• Given records:
■ ■ ■ ■
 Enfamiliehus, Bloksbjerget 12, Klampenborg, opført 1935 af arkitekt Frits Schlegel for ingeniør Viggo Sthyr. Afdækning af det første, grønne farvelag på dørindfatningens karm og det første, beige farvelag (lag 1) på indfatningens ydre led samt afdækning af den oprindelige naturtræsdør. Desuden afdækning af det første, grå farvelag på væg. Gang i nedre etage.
■ ■ ■ ■
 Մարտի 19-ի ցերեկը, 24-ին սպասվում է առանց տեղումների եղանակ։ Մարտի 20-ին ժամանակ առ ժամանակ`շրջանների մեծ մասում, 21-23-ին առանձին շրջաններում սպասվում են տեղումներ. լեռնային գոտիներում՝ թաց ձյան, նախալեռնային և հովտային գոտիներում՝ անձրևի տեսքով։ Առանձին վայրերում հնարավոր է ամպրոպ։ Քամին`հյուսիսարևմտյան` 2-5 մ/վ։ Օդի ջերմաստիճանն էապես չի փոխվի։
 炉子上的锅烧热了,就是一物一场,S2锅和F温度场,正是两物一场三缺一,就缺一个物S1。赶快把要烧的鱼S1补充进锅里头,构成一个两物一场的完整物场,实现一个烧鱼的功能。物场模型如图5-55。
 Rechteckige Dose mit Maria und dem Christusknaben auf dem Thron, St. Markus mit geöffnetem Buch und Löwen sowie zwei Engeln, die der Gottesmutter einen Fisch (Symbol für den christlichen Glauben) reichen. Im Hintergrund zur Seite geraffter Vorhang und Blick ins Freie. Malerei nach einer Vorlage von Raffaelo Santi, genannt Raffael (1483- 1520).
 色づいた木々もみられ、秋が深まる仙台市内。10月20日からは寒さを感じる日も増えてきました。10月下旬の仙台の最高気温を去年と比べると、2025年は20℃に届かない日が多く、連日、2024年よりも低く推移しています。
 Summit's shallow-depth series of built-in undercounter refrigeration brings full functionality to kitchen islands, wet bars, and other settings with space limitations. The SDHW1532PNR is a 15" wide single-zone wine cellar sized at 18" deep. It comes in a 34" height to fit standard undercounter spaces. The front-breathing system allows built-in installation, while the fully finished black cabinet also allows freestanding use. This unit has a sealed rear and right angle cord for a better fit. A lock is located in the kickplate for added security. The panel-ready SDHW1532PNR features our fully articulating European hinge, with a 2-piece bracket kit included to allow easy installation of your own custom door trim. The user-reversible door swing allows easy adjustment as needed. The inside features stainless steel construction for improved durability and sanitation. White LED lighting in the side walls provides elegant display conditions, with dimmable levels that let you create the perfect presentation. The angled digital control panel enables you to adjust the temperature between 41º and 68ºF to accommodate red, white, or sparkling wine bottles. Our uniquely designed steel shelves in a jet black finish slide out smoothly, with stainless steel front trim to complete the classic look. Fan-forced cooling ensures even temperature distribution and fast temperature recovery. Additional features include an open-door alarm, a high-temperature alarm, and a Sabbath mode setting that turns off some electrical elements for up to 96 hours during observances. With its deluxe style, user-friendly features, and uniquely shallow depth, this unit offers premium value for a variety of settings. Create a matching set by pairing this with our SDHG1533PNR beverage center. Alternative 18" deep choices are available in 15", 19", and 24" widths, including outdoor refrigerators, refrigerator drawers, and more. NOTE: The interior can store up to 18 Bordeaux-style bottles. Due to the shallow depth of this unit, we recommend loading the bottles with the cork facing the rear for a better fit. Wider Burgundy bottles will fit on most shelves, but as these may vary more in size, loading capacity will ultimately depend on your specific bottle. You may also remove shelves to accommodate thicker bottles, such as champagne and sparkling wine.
■ ■ ■ ■
• Activity: Everything above from the line containing "炉子上的锅烧热了,就是一物一" through the line containing "色づいた木々もみられ、秋が深" must be copied exactly. Nothing outside that range belongs in the answer.

• Output of the exercise:
 炉子上的锅烧热了,就是一物一场,S2锅和F温度场,正是两物一场三缺一,就缺一个物S1。赶快把要烧的鱼S1补充进锅里头,构成一个两物一场的完整物场,实现一个烧鱼的功能。物场模型如图5-55。
 Rechteckige Dose mit Maria und dem Christusknaben auf dem Thron, St. Markus mit geöffnetem Buch und Löwen sowie zwei Engeln, die der Gottesmutter einen Fisch (Symbol für den christlichen Glauben) reichen. Im Hintergrund zur Seite geraffter Vorhang und Blick ins Freie. Malerei nach einer Vorlage von Raffaelo Santi, genannt Raffael (1483- 1520).
 色づいた木々もみられ、秋が深まる仙台市内。10月20日からは寒さを感じる日も増えてきました。10月下旬の仙台の最高気温を去年と比べると、2025年は20℃に届かない日が多く、連日、2024年よりも低く推移しています。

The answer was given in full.